"J’ai été membre actif du peuple des enfants, adolescent vaseux (mais courant vite et longtemps !), gendarme mobile, CRS avec la spécialité de maître nageur-sauveteur et puis officier de police, encore en ce moment où j’écris ces lignes". Poète et commissaire de police, zèbre de 53 ans aux drôles de rayures, Joël Baqué livre dans La mer c’est rien du tout son troisième livre chez P.O.L après Aire du mouton (2011) et La salle (2015), son "je me souviens", délicatement mélancolique, plein d’un humour modeste et doux.

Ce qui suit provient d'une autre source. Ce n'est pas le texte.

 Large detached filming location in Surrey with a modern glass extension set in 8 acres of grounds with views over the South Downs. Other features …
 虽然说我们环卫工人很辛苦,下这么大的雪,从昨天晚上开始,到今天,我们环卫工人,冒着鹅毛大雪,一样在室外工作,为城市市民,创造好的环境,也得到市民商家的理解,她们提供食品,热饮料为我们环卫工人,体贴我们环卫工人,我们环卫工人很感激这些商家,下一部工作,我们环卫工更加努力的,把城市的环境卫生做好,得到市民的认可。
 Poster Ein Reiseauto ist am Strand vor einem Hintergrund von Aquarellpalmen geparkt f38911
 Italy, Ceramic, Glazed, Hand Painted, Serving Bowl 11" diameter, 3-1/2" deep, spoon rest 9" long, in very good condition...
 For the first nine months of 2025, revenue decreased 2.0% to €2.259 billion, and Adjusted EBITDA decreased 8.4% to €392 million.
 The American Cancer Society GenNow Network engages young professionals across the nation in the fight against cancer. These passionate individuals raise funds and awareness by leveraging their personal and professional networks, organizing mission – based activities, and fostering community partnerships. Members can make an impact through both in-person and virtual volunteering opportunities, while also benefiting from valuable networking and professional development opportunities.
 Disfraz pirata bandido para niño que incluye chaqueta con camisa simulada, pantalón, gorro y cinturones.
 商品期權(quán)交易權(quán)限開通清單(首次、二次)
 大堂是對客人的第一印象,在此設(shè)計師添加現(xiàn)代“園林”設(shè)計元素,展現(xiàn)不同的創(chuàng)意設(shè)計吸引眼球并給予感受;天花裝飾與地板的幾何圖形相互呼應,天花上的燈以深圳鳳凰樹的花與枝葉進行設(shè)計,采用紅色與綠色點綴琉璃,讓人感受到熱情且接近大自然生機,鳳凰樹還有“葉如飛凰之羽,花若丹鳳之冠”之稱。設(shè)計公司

On est dans un village de l’Hérault, près de Béziers, dans les années 1970. Le père est exploitant viticole "bien plus fort en vigne qu’en relations humaines", euphémise son fils. La mère, silencieuse, avale des cachets "fervessants". Valérie, la grande sœur est d’une beauté miraculeuse. Paul, le petit frère, bégaie. Joël, lui, c’est le sportif de la famille, son truc c’est la course à pied. Les souvenirs remontent ainsi le temps par la petite porte : la feria du mois d’août, le rugby, l’odeur du vernis à ongles et les "jambes de héron" de Valérie, la crédulité de Paul qui deviendra facteur et aimera les garçons. L’écrivain fait entendre des bribes de langues perdues. Dans le glossaire paternel, les "bouillacades" désignent ce qu’il n’aime pas, ne comprend pas. A peu près tout. Chez les enfants de "la maison en quérons", on prétend pour rire pouvoir attraper le tétanos en se lavant les cheveux. Et en mourir.
Ces temps les plus anciens sont aussi ceux où "on employait jamais de mots pour le seul plaisir de les dire". "La poésie non poétique" arrivera par la plage sous la forme d’un livre de Francis Ponge donné au secouriste et futur écrivain par un vacancier. Grâce à elle, la beauté de Valérie est éternelle. V. R.